NIH Research Project to Upgrade 'Metagenomics' System
News Oct 26, 2016
Purdue University is working with Argonne National Laboratory to supercharge a "metagenomics data" system that could bring innovations in personalized medicine, better management of oil spills and other clinical and ecological applications.
The complex human intestine contains more than 1,000 microbial species, and metagenomics concerns the study of this microbiome, which plays an important role in protection against disease, modulating immunity and regulating metabolic processes possibly related to obesity and diabetes.
Argonne in 2008 created an open portal for metagenomics data processing called MG-RAST, a pipeline of hardware and software providing access to a treasure trove of genetic information on microbes that could have implications for personalized medicine tailored to individual patients; bio-enzymes for cleaning up contamination from oil spills; and the sustainability of operations such as mineral mining.
"In metagenomics, for example, you take a culture of the gut, you bring it into the lab and do the genetic analysis, and it gives you a profile of the bacteria and other microbes that are present," said Ananth Grama, a Purdue professor of computer science. "Then you can compare that profile with MG-RAST data to diagnose the patient."
The portal, however, is straining to keep up with a steady increase in demand due in large part to a dramatic advancement in commercially available gene-sequencing instruments.
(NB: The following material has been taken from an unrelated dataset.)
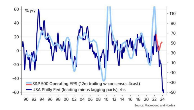 Já existe uma grande divergência entre as condições gerais de negócio percebida pelos fabricantes (USA Philly FED) e consenso sobre resultado operacional das empresas.

The research team will work to solve this problem in a project funded with a $3.8 million five-year grant from the National Institutes of Health.
The project involves Grama and co-principal investigators Saurabh Bagchi, a professor in the School of Electrical and Computer Engineering and Department of Computer Science, and Somali Chaterji, a visiting faculty member in the Department of Computer Science. The Purdue researchers will collaborate with an Argonne team led by Folker Meyer, a computational biologist at Argonne and a senior fellow at the Computation Institute at the University of Chicago.
"The analysis of metagenomic data has tremendous potential in both clinical and ecological applications," Bagchi said. "However, since its original design, MG-RAST has witnessed the frenetic development of next-generation sequencing technologies, a drastically altered computing landscape and other challenges."
Meyer, who is deputy director of the Biosciences division and a part of the Mathematics and Computer Science division at Argonne, said, "This grant will bring significant upgrades to the MG-RAST software infrastructure and harnesses the expertise of the Purdue team in distributed infrastructures and robust software development."
One goal is to develop a "federated infrastructure" that allows MG-RAST to seamlessly farm jobs out to various computer clusters around the country and harness the large distributed computing power that exists through federal investments by the National Science Foundation, U.S. Department of Energy and NIH.
"To do that you need federation software to figure out how to do all this data transfer back and forth and make sure all the credentials line up so the user doesn't have to log in separately to all these different machines," Bagchi said. "When a new job comes in, they want to be able to figure out which machines to assign it to. The correct choice may mean the difference between taking 10 hours to run or one hour to run."
The team will collaborate with researchers in the University of Chicago's School of Medicine to test a pilot-scale system.
"Overall, we aim to improve the pipeline's functionality and data reproducibility, improve MG-RAST's software quality and performance through automated generation of testing suites and move toward a federated infrastructure to cater to a diverse and ever-growing user base," Chaterji said.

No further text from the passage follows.